Boys who smoke in their early teens risk passing on harmful epigenetic changes in the genes of their future children without altering the DNA.
Experimental studies so far have suggested that tobacco exposure may impact respiratory health across generations via epigenetic changes transmitted specifically through male germ cells. However, studies in humans are limited, so researchers in the UK and Norway wanted to identify epigenetic marks in offspring associated with the father’s preconception for smoking.
People whose fathers smoked regular or electronic cigarettes (e-cigs) in their early teens had epigenetic markers associated with asthma, obesity, and poor lung function. Biomarkers linked with smoking by males even long before they became fathers were different from those associated with smoking by mothers.
“We must act now to stop teenage vaping,” scientists at the University of Southampton and the University of Bergen warned.
They have just published their study in the journal Clinical Epigenetics under the title “Fathers’ Preconception Smoking and Offspring DNA Methylation.” It is the first human study to reveal the biological mechanism behind the impact of fathers’ early teenage smoking on their children.
The team investigated the epigenetic profiles of 875 individuals aged seven to 50 and the smoking behaviors of their fathers. They found epigenetic changes at 19 sites mapped to 14 genes in the children of fathers who smoked before the age of 15. These changes in the way DNA is packaged in cells (methylation) regulate gene expression (switching them on and off) and are associated with asthma, obesity, and wheezing.
“Our studies in large international studies have shown that the health of future generations depends on the actions and decisions made by young people today – long before they are parents – in particular for boys in early puberty and mothers/grandmothers both pre-pregnancy and during pregnancy,” said Prof.
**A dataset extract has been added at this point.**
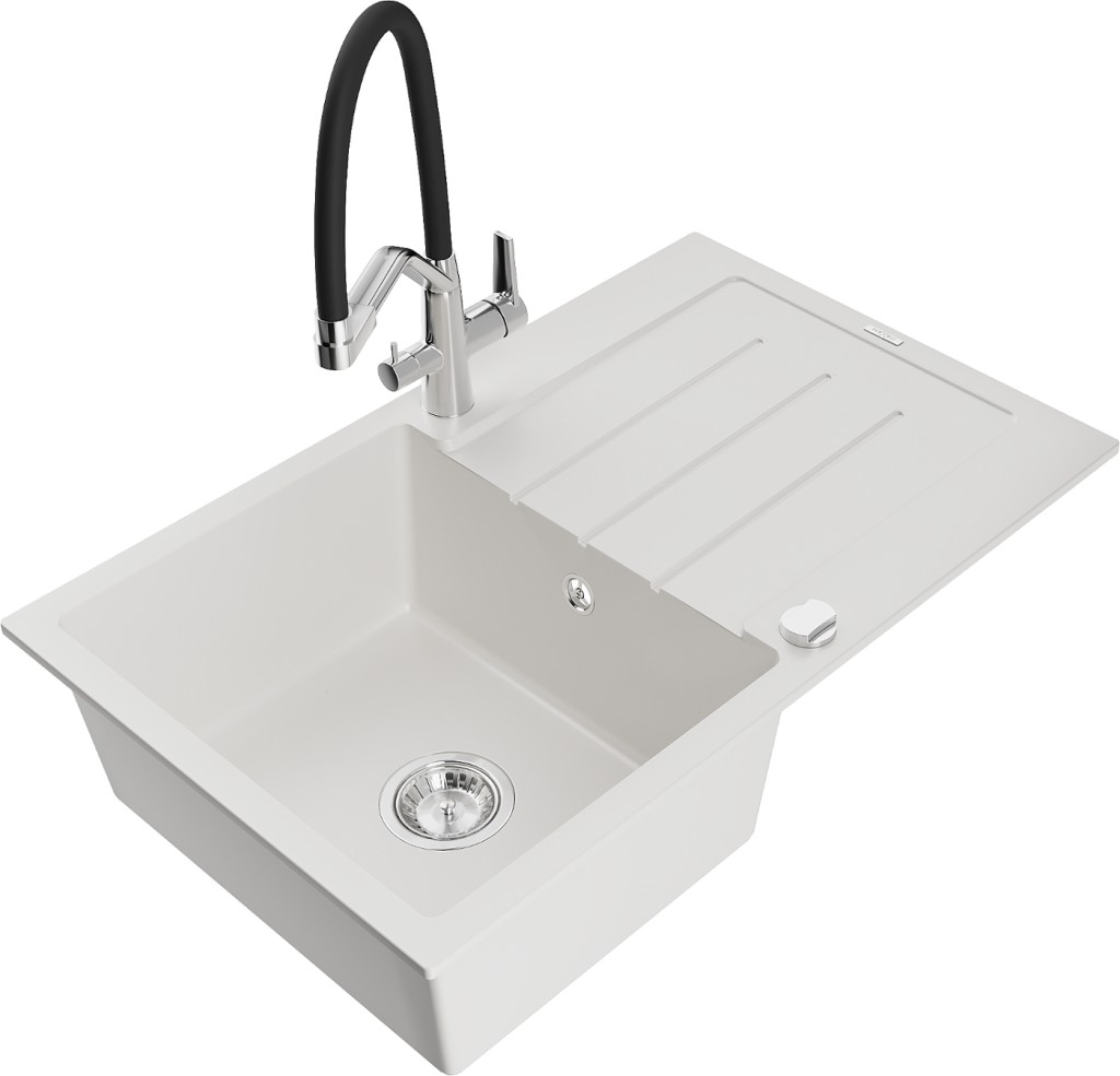 Technické dáta: drez: Rozmer: 795 x 495 x 200 mm Hĺbka komory: 200 mm Rozmery komory: 440x360 mm Priemer odtoku: ø90 mm Typ: 1-miska s odkvapkávačom Typ: Zapustené do pracovnej dosky biela farba Povrchová úprava sifónu: Chrome Materiál: žula (80% žulové kamenivo, 20% živice) Prepadový otvor: Áno Otvory: (batérie, automatické) 2 Inštalácia: Univerzálna, je možné inštalovať s odkvapkávačom na ľavú alebo pravú stranu Vysoká odolnosť proti poškriabaniu a zmene farby Odolnosť proti tepelným šokom Ľahko čistiteľný povrch Dva dodatočné vyfrézované otvory na samodierovanie ø35 kuchynská batéria: Materiál: mosadz Farba: chróm/čierna Hlavy: Keramické Prevzdušňovač: Áno Typ hubica: Flexibilný s mosadzným držiakom Rozsah výtoku: 260 mm Výška: 405 mm Typ: Dve rukoväte Dvojhlavá batéria s prídavným filtrom na pitnú vodu(GT) Ean: 5905315101891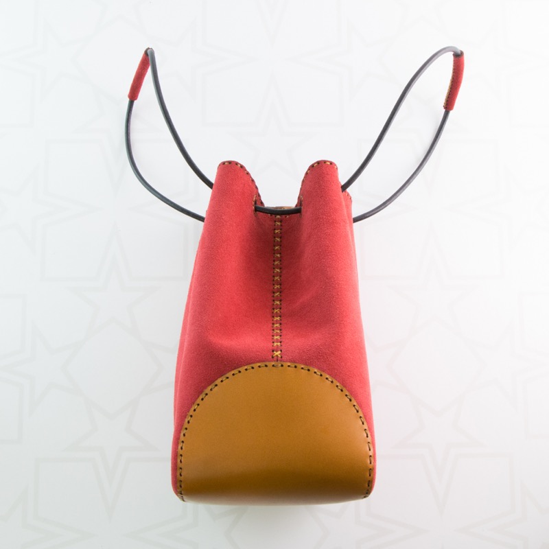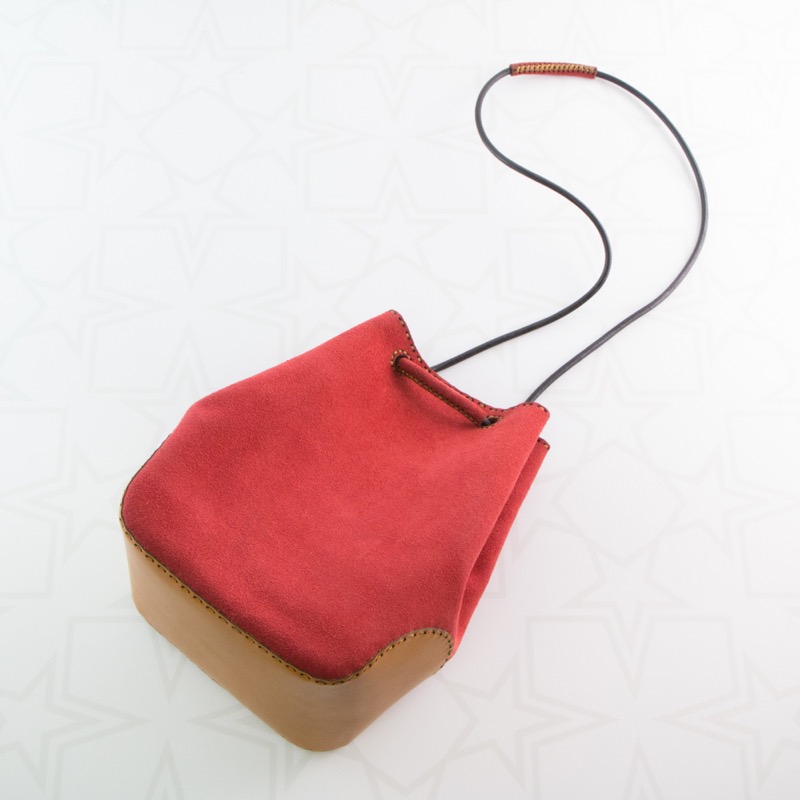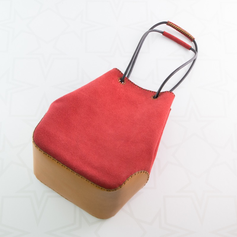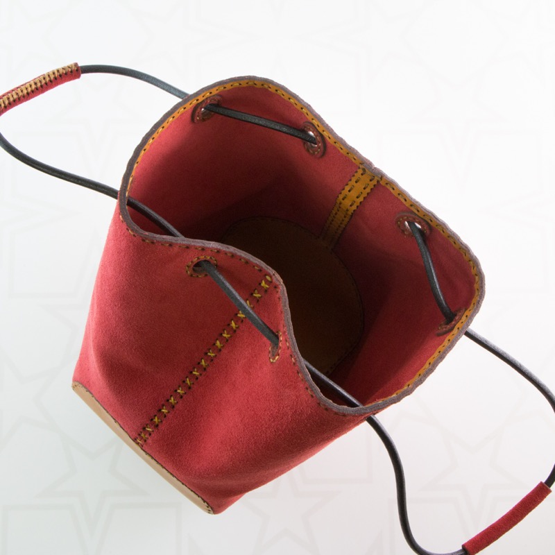 巾着型のミニバッグです。本体は柔らかなスエードを使用することで口が大きく開いて中身がとても見やすく、底面には牛革を使用し、ボックス型のような個性的なフォルムに仕上がりました。革紐を1本で持つと肩掛けに、2本で持つとハンドバッグになる2WAY仕様で便利にお使いいただけます。バッグ本体はあえてシンプルなデザインで仕上げ、サイドや持ち手部分のクロスステッチ、バッグの口のパイピングなど、細かな部分にさりげないワンポイントを盛り込みました。キーホルダーや既存のタッセルチャームとの組み合わせもおすすめです。

Cecilie Svanes of the Norwegian university who was among the leading researchers. “It is really exciting that we have now been able to identify a mechanism that explains our observations in the cohorts.”
“Changes in epigenetic markers were much more pronounced in children whose fathers started smoking during puberty than those whose fathers had started smoking at any time before conception,” says co-lead author of the paper Dr. Negusse Kitaba, a research fellow at the British university. “Early puberty may represent a critical window of physiological changes in boys; this is when the stem cells are being established which will make sperm for the rest of their lives.”
What changes did it make for others to be smokers?
The team also compared the paternal preconception smoking profiles with people who themselves smoked and those whose mothers smoked before conception.
“Interestingly, we found that 16 of the 19 markers associated with fathers’ teenage smoking had not previously been linked to maternal or personal smoking,” said Dr. Gerd Toril Mørkve Knudsen from the University of Bergen and co-lead author of the study. “This suggests these new methylation biomarkers may be unique to children whose fathers have been exposed to smoking in early puberty.”
The number of young people smoking has fallen in the UK in recent years. But a co-author, Southhampton’s allergy and respiratory genetics Prof. John Holloway, is worried about children taking up vaping.
“Some animal studies suggest that nicotine may be the substance in cigarette smoke that is driving epigenetic changes in offspring,” he said, “so it’s deeply worrying that teenagers today, especially teenage boys, are now being exposed to very high levels of nicotine through vaping.”
The evidence from the new study came from people whose fathers smoked as teenagers in the 60s and 70s, when smoking tobacco was much more common.
“We can’t definitely be sure vaping will have similar effects across generations, but we shouldn’t wait a couple of generations to prove what impact teenage vaping might have. We need to act now,” Holloway said. “Our new findings have significant implications for public health. They suggest a failure to address harmful exposures in young teenagers today could damage the respiratory health of future generations.”